A. C9orf72 expansion
B. NOTCH2NLC GGC repeat expansion
C. HTT CAG repeat expansion
D. SNCA duplication
E. MAPT mutation
Answer
B. NOTCH2NLC GGC repeat expansion
Explanation: Expansion of GGC repeats in the 5′ untranslated region of NOTCH2NLC is the major genetic cause of NIID.
Question 3
Which MRI finding is most characteristic of NIID?
A. Dawson fingers
B. Midbrain hummingbird sign
C. Lace sign at the corticomedullary junction
D. Pulvinar sign
E. Hot-cross-bun sign
Answer
C. Lace sign at the corticomedullary junction
Explanation: Curvilinear DWI hyperintensity at the corticomedullary junction is a classic radiographic hallmark.
Question 4
Which test may fail to detect NIID?
A. Repeat-primed PCR
B. Amplicon-length PCR
C. Targeted NOTCH2NLC analysis
D. Whole-exome sequencing
E. Skin biopsy
Answer
D. Whole-exome sequencing
Explanation: Standard WES may not adequately evaluate repeat expansions within noncoding regions.
Question 5
The most important lesson from this case is:
A. Prostate enlargement always explains urinary retention.

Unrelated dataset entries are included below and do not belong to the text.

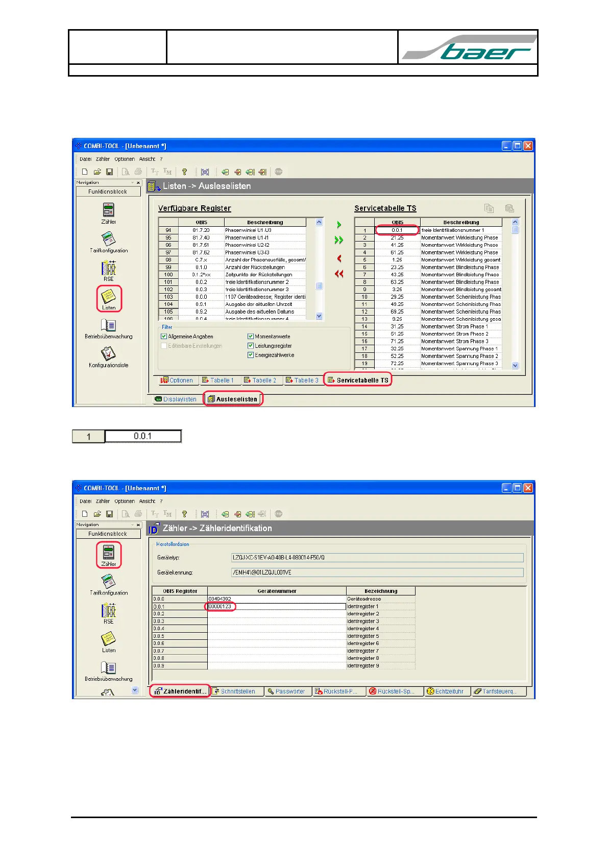 menu Meter Meter ID OBIS Register 0.0.1, e.g. value 123 (:= 00000123):
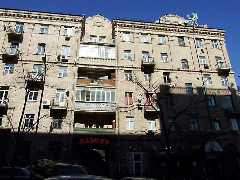 2009 р. Фасад по вул.Б.Грінченка Розмір зображення: 800:600 піксел 3 квітня 2009 р. Фото М.І.Жарких. Вкладені елементи Фронтон Лиштви-пілястри
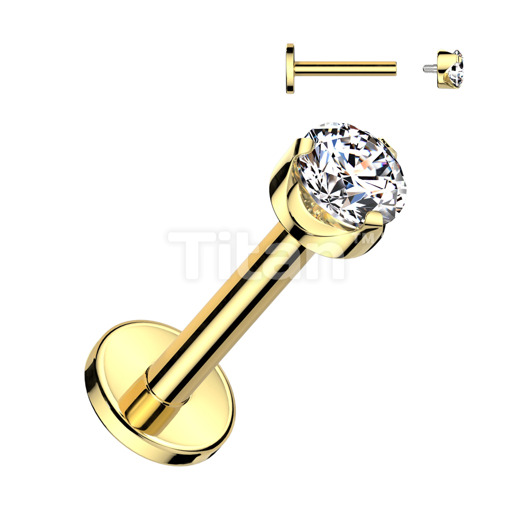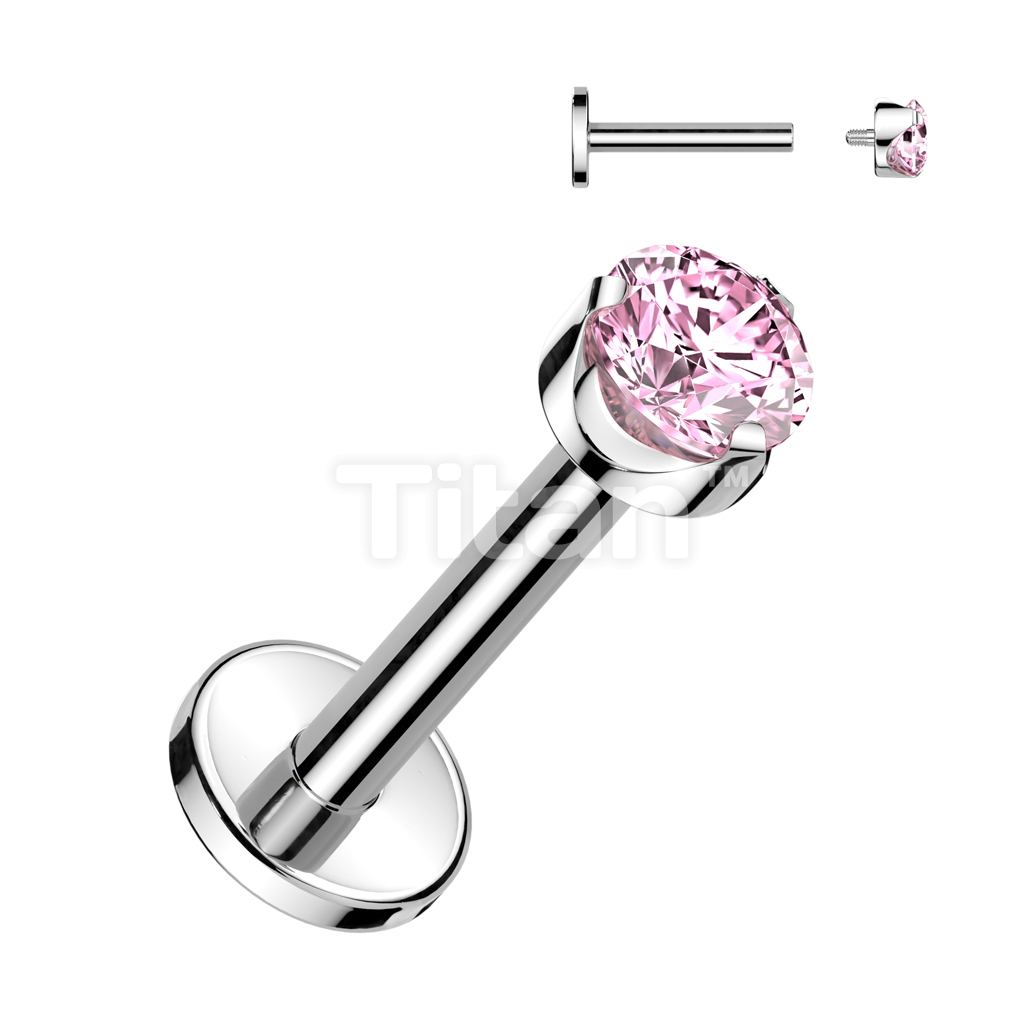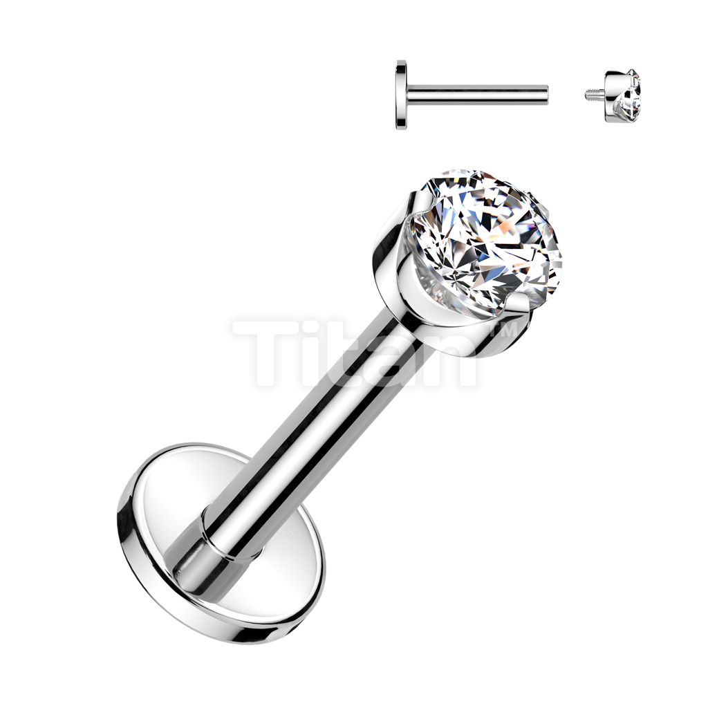 Implant Grade Titanium Internally Threaded Labret With Flat Back Prong Set Round CZ Top
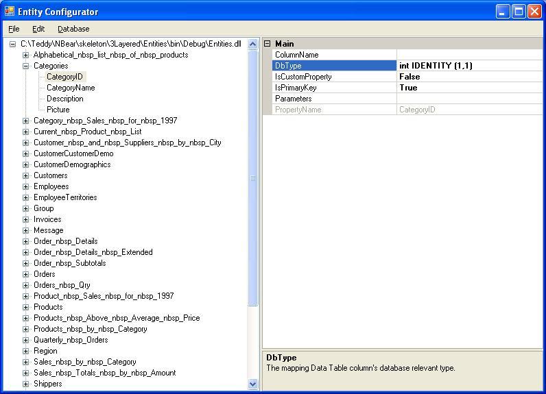 下面,我们使用Entity Configurator工具载入(从菜单选择File-〉Load-〉Load Assembly)编译后的包含以上实体的程序集,修改实体及实体属性的元数据,如果需要生成数据库创建脚本,则一定要设置每个实体属性的DbType属性,指定生成的数据库表中对应列的数据类型。配置完成后,可以使用File-〉Save Config将配置信息保存到config文件(可以直接保存到应用程序的Web.config或App.config,工具只会添加实体配置代码,不会删除config文件中的其他代码)。
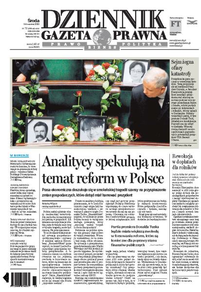 Prasa ekonomiczna doszukuje się w smoleńskiej tragedii szansy na przyśpieszenie zmian gospodarczych; pomoc dla rodzin ofiar katastrofy pod Smoleńskiem nie będzie opodatkowana; polscy maturzyści najchętniej wybierają studia techniczne; o czym musi pamiętać podatnik, by urząd skarbowy nie zakwestionował ulgi internetowej; do 30. kwietnia samorządowcy muszą złożyć oświadczenie o stanie majątku.
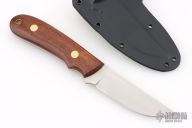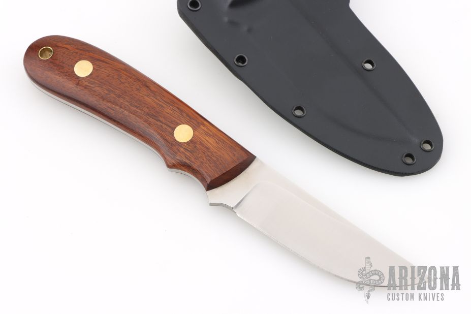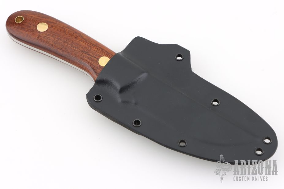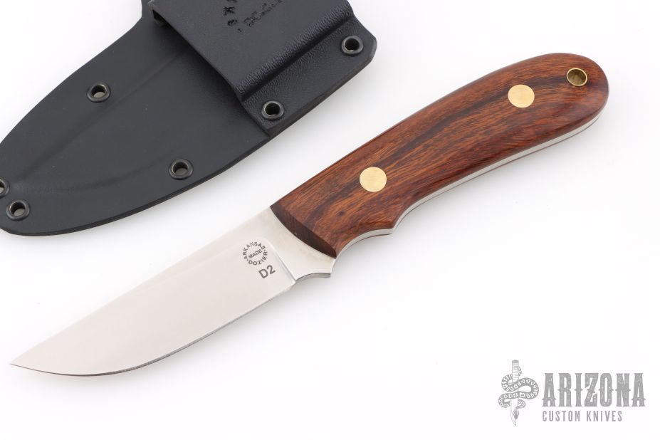 This K-4 Straight Hunter by Dozier Knives features an upswept satin finished blade with .131" blade stock and .982" blade depth, full tang construction. The handle has desert ironwood burl scales with brass pins and lanyard hole. Includes kydex sheath. New from maker.
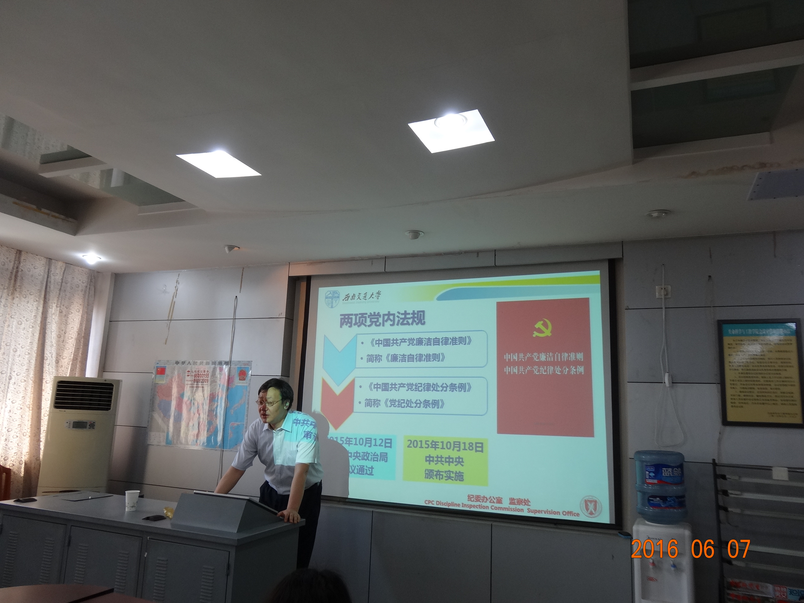 校党委陈志坚副书记用2个多小时的时间为与会人员讲了两个专题的党课:分别是《学党章用党章》和《坚持党要管党从严治党,明确道德“高线”和纪律“底线”——<准则><条例>学习体会》。陈书记首先从如何树立党员意识、强化理想信念入手,详细讲解了《中国共产党章程》的历史、学习《中国共产党章程》的重大意义,以及《中国共产党章程》的主要内容,并阐述了合格党员标准、如何做合格的共产党员;强调了坚持民主集中制、发挥党的基层组织战斗堡垒作用、严格执行和维护党的纪律等方面的内容;同时指出《中国共产党章程》作为党的总章程和根本大法,在党员学习教育和党组织建设中发挥着极为重要的作用,全体党员一定要遵循《中国共产党章程》要求、坚定理想信念、践行根本宗旨、秉持严实作风,做合格党员。接下来他还带领与会人员学习了《中国共产党廉洁自律准则》和《中国共产党纪律处分条例》,介绍了《准则》和《条例》的出台背景、修订的意义和主要内容,特别强调了《准则》的“高线”要求和《条例》的“底线”规定,并结合师生学习、工作和生活实际,结合典型案例重点讲解了党的六大纪律所规定的主要内容,号召全体党员特别是党员领导干部要“知敬畏、存戒惧、奔高线”,严格要求自己、强化党性观念、贯彻落实好《准则》和《条例》。两个多小时的党课内容信息量大、重点突出、结合实际、案例丰富,校党委陈志坚副书记严谨的思路、系统的阐述和深入浅出的解读让全体参会人员收获良多,使大家更进一步深入了解和掌握了《中国共产党章程》、《准则》和《条例》的内容,并进一步深化了党员意识、坚定了理想信念、强化了党纪观念,增强了政治意识、大局意识、核心意识、看齐意识。
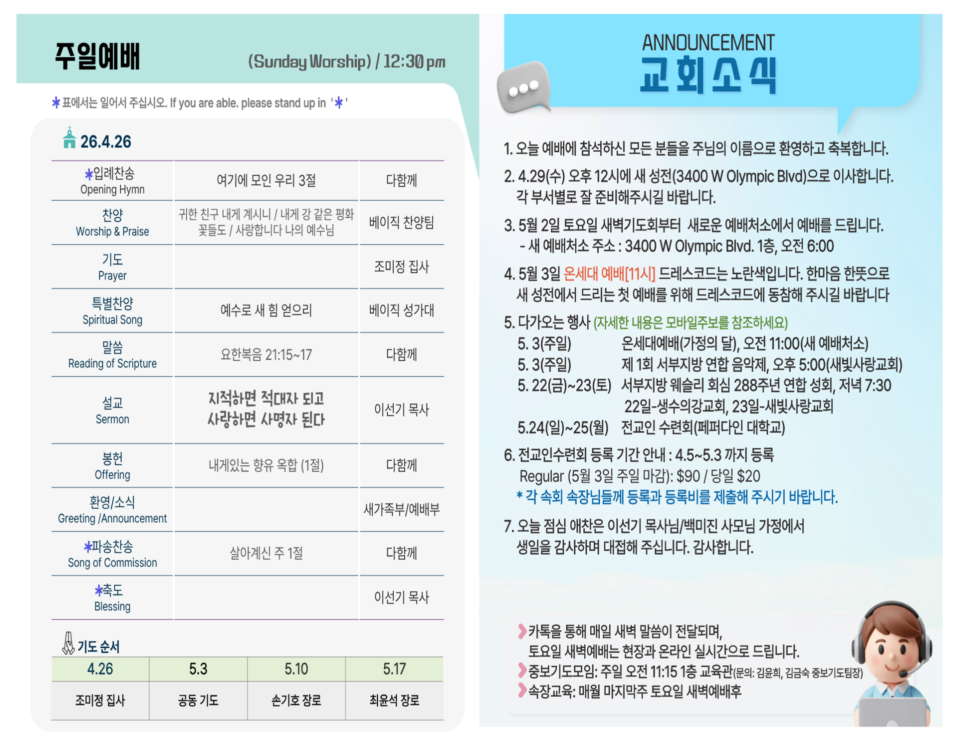 예배 시간 안내
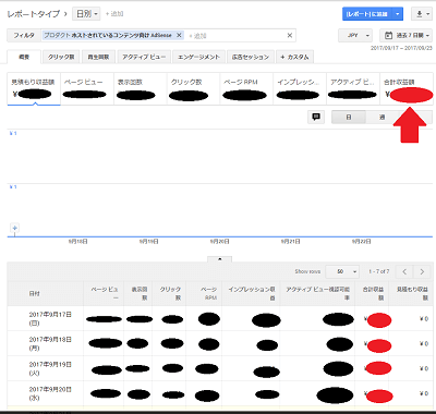 するとこのような画面が出てきます。YouTubeの規約上、数字の公開はできませんが、赤丸で囲んだところに実際に得た収益が記載されています。 上の赤丸は週合計金額(ここは月ごと、年ごとに変えることも可能)、下の赤丸は日ごとの広告収入が記載されています。
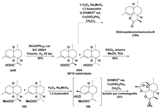 Entretanto, essas metodologias também estão associadas a alguns inconvenientes, tais como: carcinogenicidade do benzeno, manuseio de ácidos de Lewis perigosos em grande escala e a necessidade de uma etapa de purificação por cromatografia para isolar o isômero β desejado, sem mencionar que são duas etapas sintéticas separadas. Nesse sentido, Kumar e Bishnoi desenvolveram em 2014 uma metodologia para redução/eterificação da ART em um processo in situ com o emprego de celulose ácida, considerada biodegradável e com boa reciclabilidade (Esquema 15, B).62 Os autores conseguiram obter os produtos 4 e 5 em ótimos rendimentos, sendo 5 o substrato utilizado para padronização das condições reacionais: 82% sem a necessidade de purificação por cromatografia, um incremento quando comparado ao rendimento global descrito inicialmente de 59%.61 O artesunato (6) foi obtido inicialmente por meio da reação com anidrido succínico em piridina, na presença de dimetilaminopiridina (DMAP) em quantidade catalítica, fornecendo o produto em até 65% de rendimento (Esquema 15, C). Em 2017, Presser e colegas publicaram um procedimento visando a escalabilidade e condições verdes para obtenção de 6.63 O autor utilizou trietilamina como base, ao invés da piridina, e acetato de isopropila, o qual poderia ser reutilizado, fornecendo o éster correspondente 6 em 94% de rendimento. Da síntese em bancada para a indústria: avanços na obtenção da artemisinina e seus derivados em larga escala Em 2002, a Organização Mundial de Saúde (OMS) preconizou terapias baseadas nas associações da ART para o tratamento de malária não complicada.64 Essa decisão causou um aumento na demanda por essa matéria prima afetando tanto os preços quanto a disponibilidade. Até então, a ART era obtida industrialmente através de processos extrativos vegetais, haja vista que as sínteses totais ou semissínteses publicadas até então se limitavam à escala laboratorial acadêmica (múltiplas etapas e alto custo). Diante disso, houve um incentivo para a busca de novas metodologias de obtenção da ART em escala industrial a partir de microrganismos para atender de maneira eficiente a demanda dessa classe de compostos.65 Assim, partindo do AAR obtido através de processos fermentativos aprimorados,50 a primeira etapa sintética descrita pela Amyris compreendeu a hidrogenação diasterosseletiva do sistema acrílico (Esquema 16). Ainda que o uso de níquel e borohidreto de sódio já havia sido relatado,46 com diastereosseletividade modesta de 85:15 em relação a mistura de isômeros R/S do ADA, o emprego do catalisador de Wilkinson forneceu uma conversão quase quantitativa, com diastereosseletividade de 90:10 para a estereoquímica desejada.66 Já se sabia que a peroxidação direta deste levava à lactona de 5 membros diidroepideoxiarteannuina-B (104) e, consequentemente, acarretaria rendimentos inferiores da ART.54 Assim, os autores optaram por converter o ADA em seu respectivo éster metílico,54 primeiro ativando o grupo carbonila através do seu respectivo cloreto de acila e posterior tratamento com metanol para obtenção do éster 105. A incorporação do hidroperóxido na posição alílica presente em 106 foi realizada através da geração de oxigênio singleto por desproporcionação do peróxido de hidrogênio utilizando sais de metais do grupo VI via reação de Aubry, processo esse otimizado a partir do trabalho pioneiro de Hao em 2011.39 A escolha dessa metodologia foi devida ao custo de reações fotocatalizadas em plantas de manufatura e o oxigênio empregado foi substituído por ar atmosférico por questões de segurança. Finalmente, a etapa final de ciclização foi realizada utilizando resina DOWEX®, substituindo o caro triflato de cobre utilizado em outras sínteses. Esse processo implementado em escala semi-industrial foi capaz de prover a ART com um rendimento global de 19%, demonstrando ainda a necessidade de eventuais otimizações.
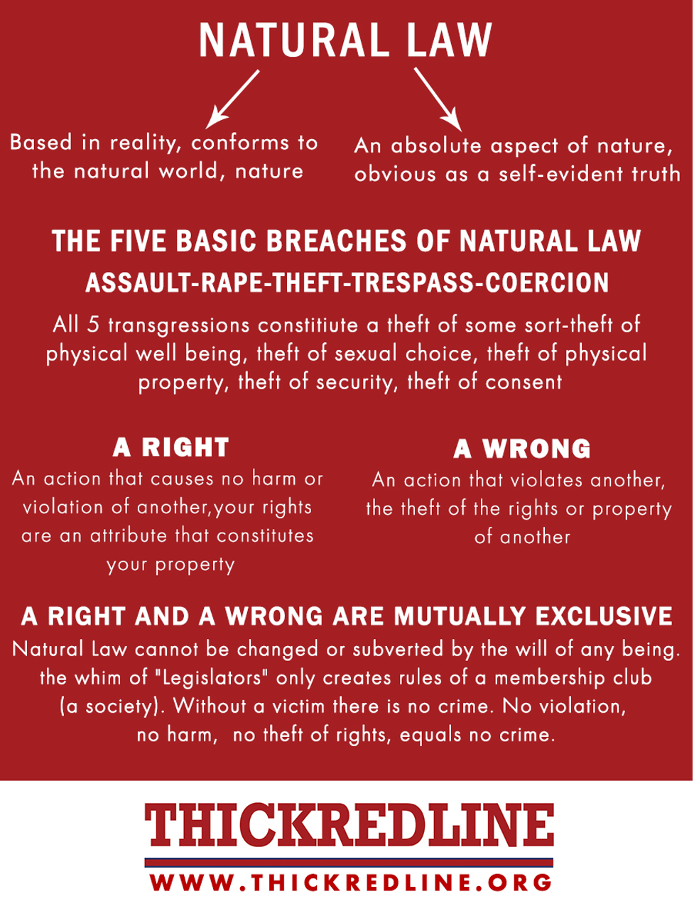 In natural law, there are essentially five main transgressions (Assault, Rape, Theft, Trespass and Coercion (murder is the theft of life), and they are all obviously “Wrongs” in there is a victim who has been harmed or whose rights have been violated. Anything that's not a “Wrong” is a “Right.” If you're not hurting anyone else, you have the right to be left alone and not be robbed and mulct by politicians catering to the majority to get elected.
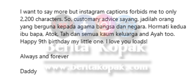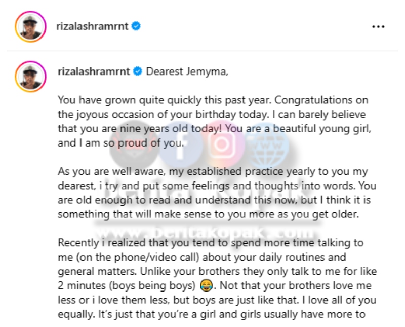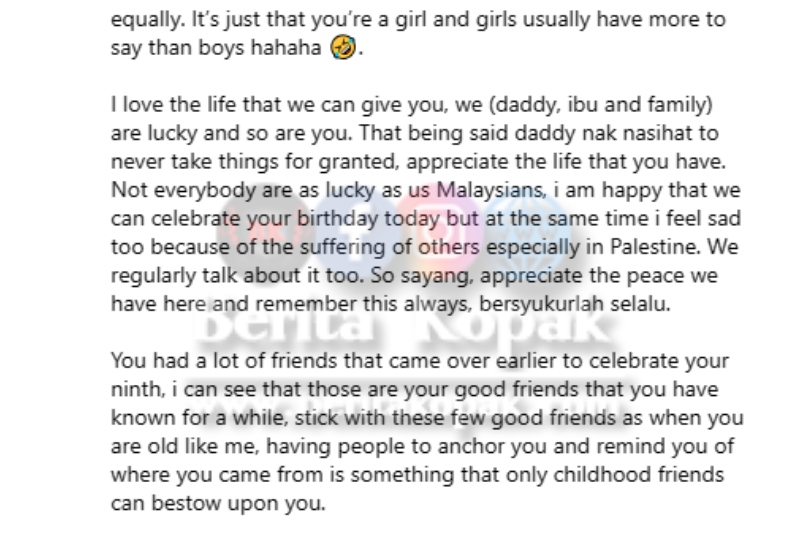 ” For the past few years , kita rajin baca wish2 birthday dari u utk anak2 u. Sgt menyentuh perasaan .. Such a beautiful caption. Happy birthday Jemyma.. You should put all of these Bday wishes into a book.. ”
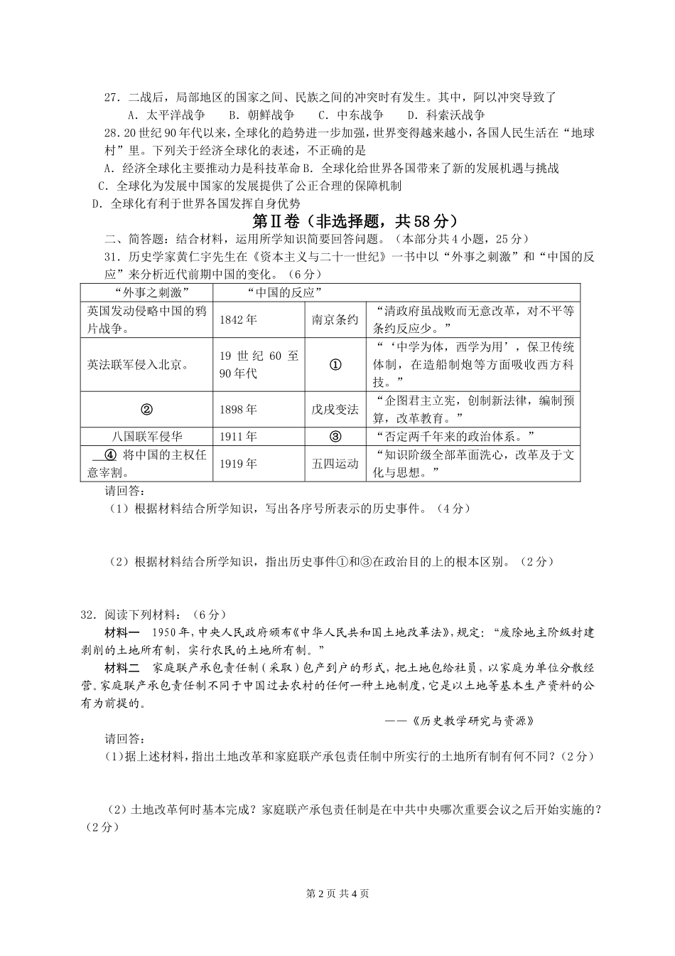 2010年江苏省常州市中考历史试题及答案.doc_第2页
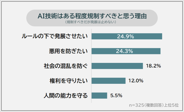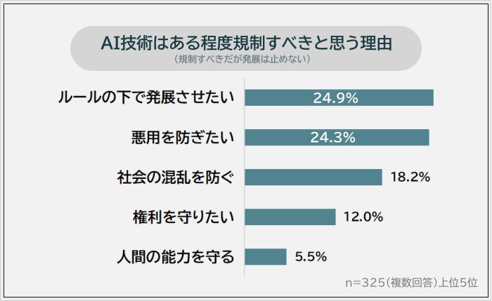 ある程度規制すべき(規制すべきだが発展は止めない)と思う325人に理由を聞いたところ、1位は「ルールの下で発展させたい(24.9%)」でした。僅差で2位「悪用を防ぎたい(24.3%)」が続きます。
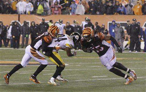 Cincinnati Bengals' Vontaze Burfict (55) runs into Pittsburgh Steelers' Antonio Brown (84) during the second half of an NFL wild-card playoff football game Sunday, Jan. 10, 2016, in Cincinnati. Pittsburgh won 18-16. Burfict was called for a penalty on the play. (AP Photo/John Minchillo) The Associated Press

B. NIID should only be considered after gait impairment develops.
C. Autonomic dysfunction can be the earliest manifestation of NIID.
D. Whole-exome sequencing excludes repeat expansion disorders.
E. Peripheral neuropathy is uncommon in NIID.
Answer
C. Autonomic dysfunction can be the earliest manifestation of NIID.
Explanation: This case demonstrated isolated overflow incontinence for eight years before the diagnosis of NIID, emphasizing the need to recognize autonomic symptoms as an early manifestation.
Take-Home Message
When urinary dysfunction appears disproportionate to urologic disease, especially when accompanied by cognitive decline or subtle neurologic findings, clinicians should broaden the differential beyond the genitourinary tract. In NIID, autonomic symptoms may precede overt neurologic manifestations by years, and the combination of the MRI "lace sign" with targeted NOTCH2NLC testing can establish the diagnosis long before the full syndrome becomes apparent.